Posted 09 March 2009 - 07:38 PM

#include <iostream>
#include <cmath>
#include <cstring> // toupper
using namespace std;
int main(void) {
  float t, v;
  float result;
  char option = 'N';
  int i=0;
  while(toupper(option)=='N') {
             if(i>0) cout<< "Play it again Sam..."  << "\n\n";
             i++;
             cout << "Enter a number to be raised to an exponent : ";
             cin >> t;
             cout << "Enter the exponent : ";
             cin >> v;
             result = pow(t,v);
             cout << "Result is " << result <<"\n";
    //Entering the choice to quit or not.
    cout<< "Do you wish to quit?  Please enter Yes (y) or No (n)    " << "\n\n";
    cin >> option;
  }
  cout<< "Hasta la vista Baby....." << "\n\n";

  //system ("pause");
  return(0);
}



The value of option is default to n (for no).
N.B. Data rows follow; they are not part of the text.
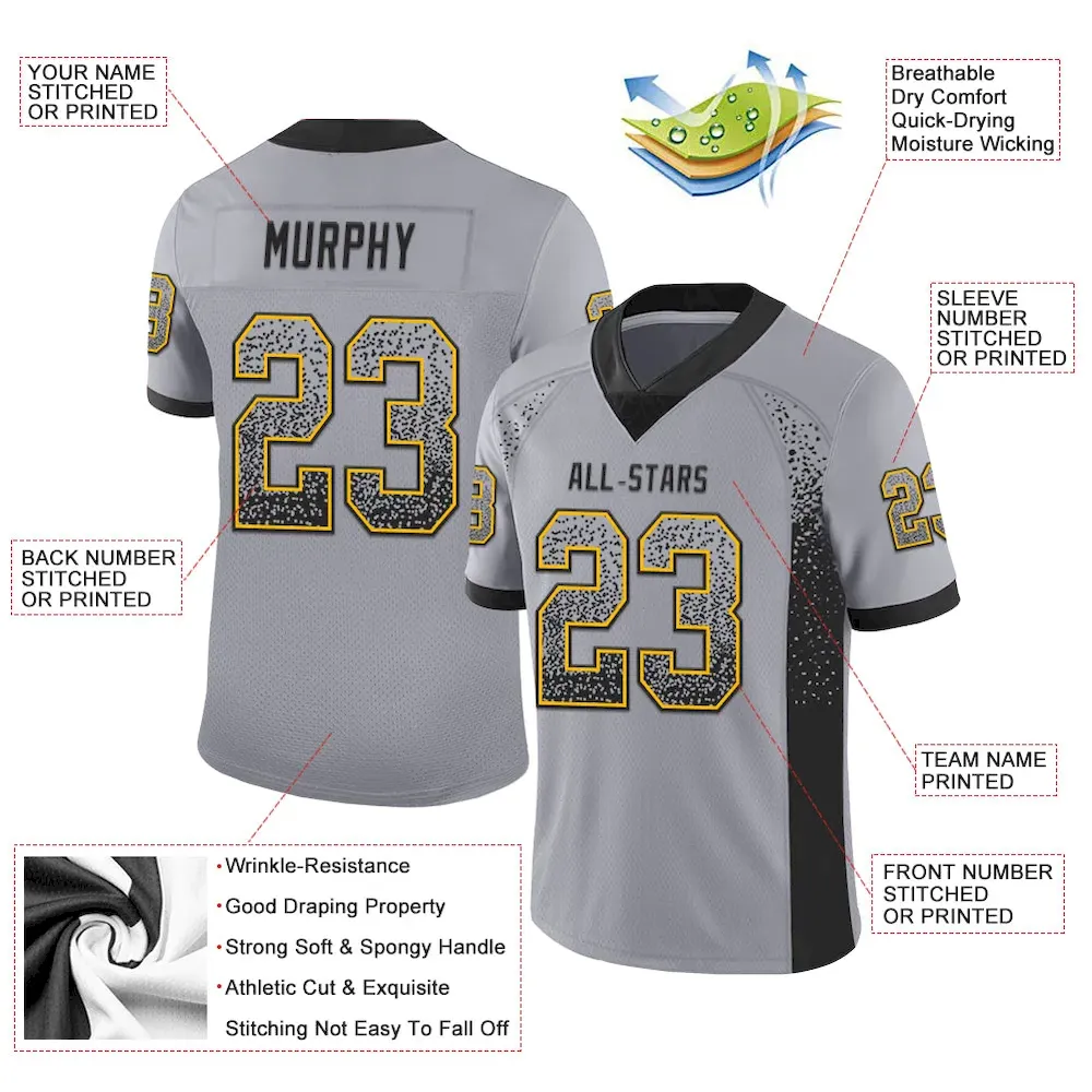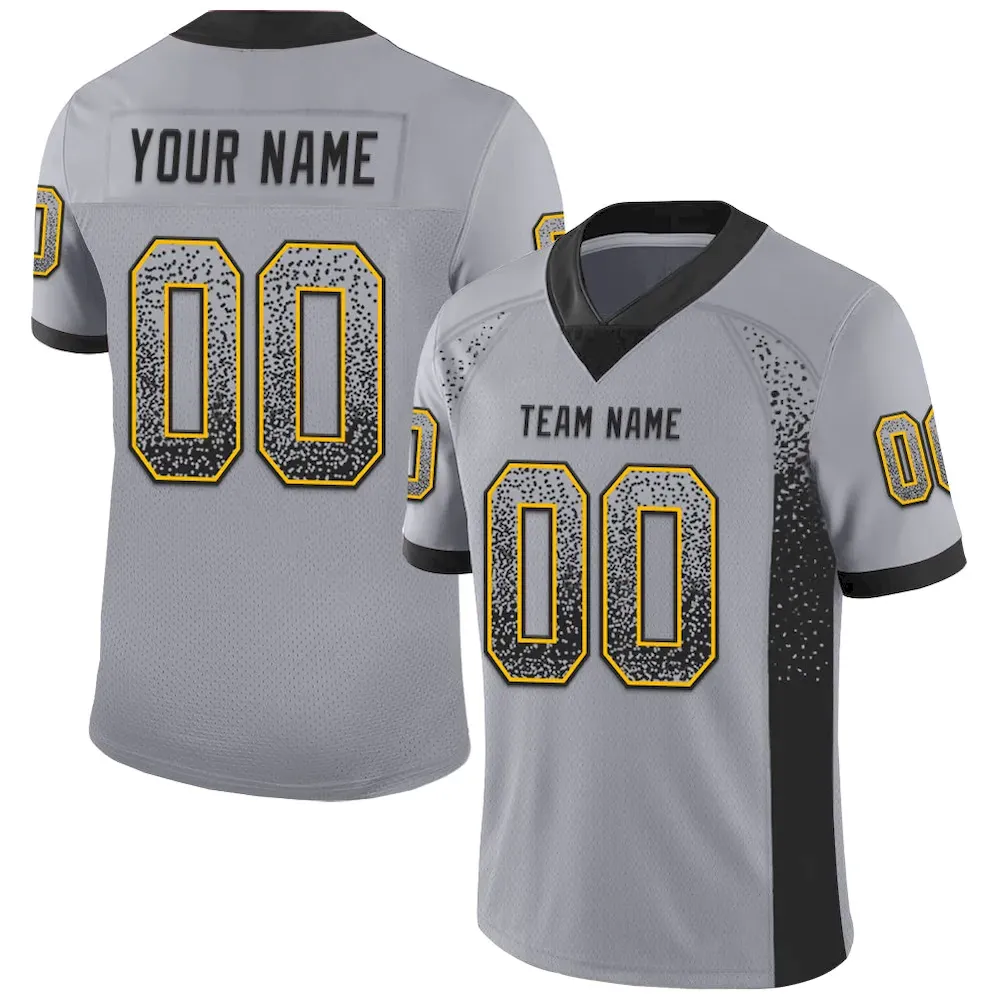 Custom Gray Black-Gold Mesh Drift Fashion Football Jersey
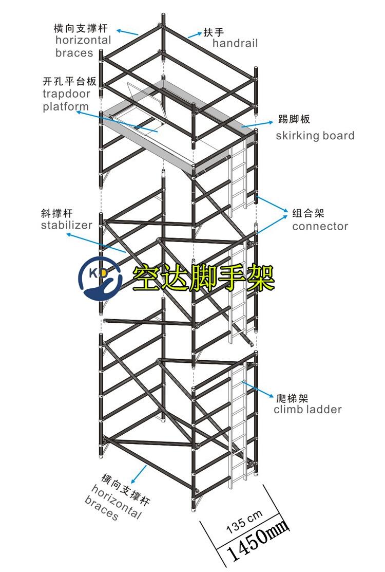 如果是铝合金材质的:一般多功能脚手架都具有移动功能,是钢管材质的:具有异性结构搭建。多功能突出体现是效率与方便,因此设计时,考虑不同场景结构也有所不一样。
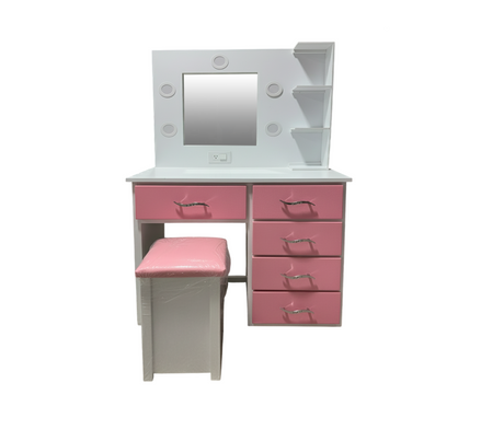 Peinadora de 5 gav. C/espejo y banqueta rosada derecha Isabel
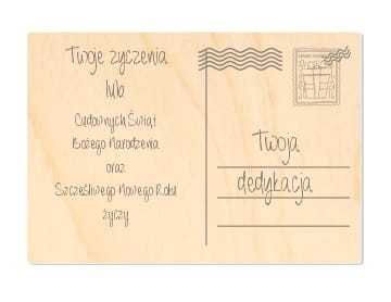 Święta są czasem, w którym wszyscy bliscy składają sobie najszczersze życzenia. Każdy z nas jednak chciałby być w pewien sposób oryginalny i nietuzinkowy. Drewniana grawerowana kartka z personalizowanymi życzeniami świątecznymi będzie tym, czego szukasz. Po zakupie poprosimy o podanie Twoich własnych życzeń, które znajdą się na tyle kartki. Będziesz mógł w ten sposób wyrazić samego siebie i zadziwić swoich najbliższych interesującym prezentem świątecznym.
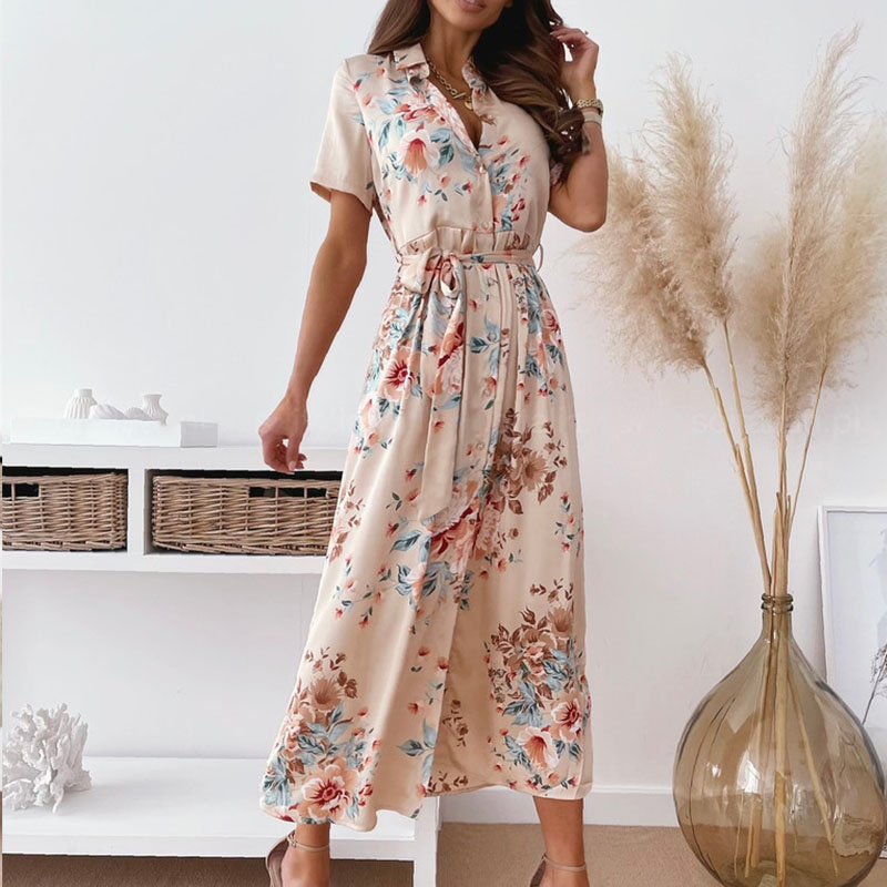 Summer Short Sleeve Long Dresses Office Ladies Turn Down Collar Spli Dresses
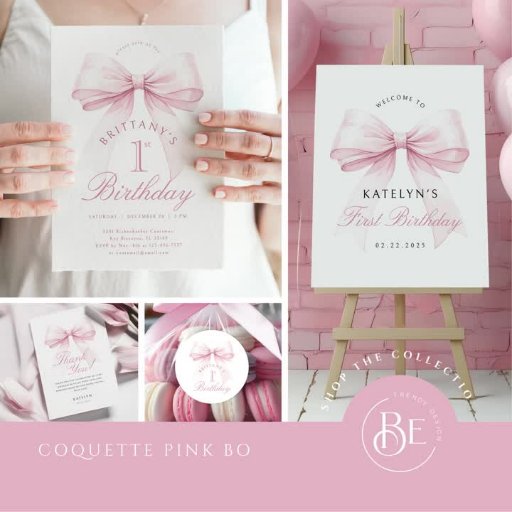Celebrate your little one's special day with the Coquette Pink Bow First Birthday Welcome Sign. This charming design sets the tone for a day filled with joy and wonder, blending modern style with timeless elegance. At its heart is a lovely blush pink bow, symbolizing the gift of precious memories, while graceful typography adds a personal, heartfelt touch.
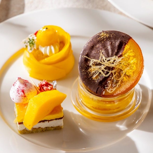なめらかな口あたりのプリンに果実感あふれる宮崎マンゴーを贅沢にあしらった「アルフォンソマンゴープリン」をはじめ、スモーキーなチョコレートをまとったオランジェットを、甘酸っぱいマンゴー&パッションフルーツのソースにディップして味わう独創的な1皿もラインナップ。ふんわりと軽やかな口どけの「マンゴー&ココナッツムース」は、ココナッツの柔らかな香りとマンゴーのみずみずしさが重なり合い、優雅なハーモニーを奏でる。
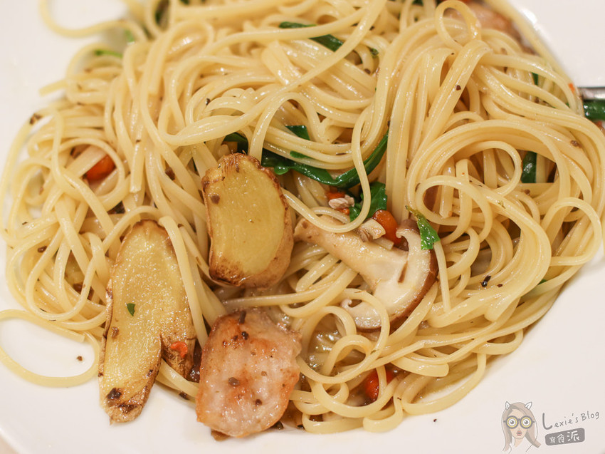 菜單也沒看清楚只有看到松版豬我就腦弱的點了這道,第一口吃進去,一個不在期待內的味覺衝擊讓我嚇一跳,竟是很台式的口味,但與義大利麵的搭配竟然完全不違和,我非常喜歡,根本就是ㄈㄈ尺的經典代表作!
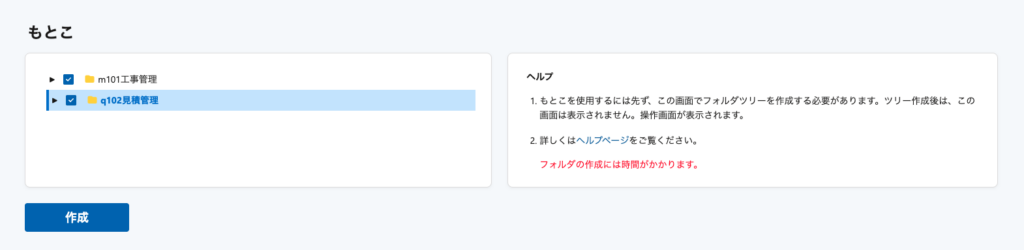 - 作成するフォルダにチェックを入れてください。「大工工事」「左官工事」等の専門工事名はここでチェックを入れておくことをお勧めします。 操作画面でも作成できますが、作成手間が省けます。

Check option, while it's equal to n (for no) run through the loop. Gather the new value for option. Repeat.

There really is no need to have the switch in there as well, thus checking it twice. So you make an integer to check how many times the process has looped, as long as it's more than once, you can output your "repeat text", & then at exit, output the exit text.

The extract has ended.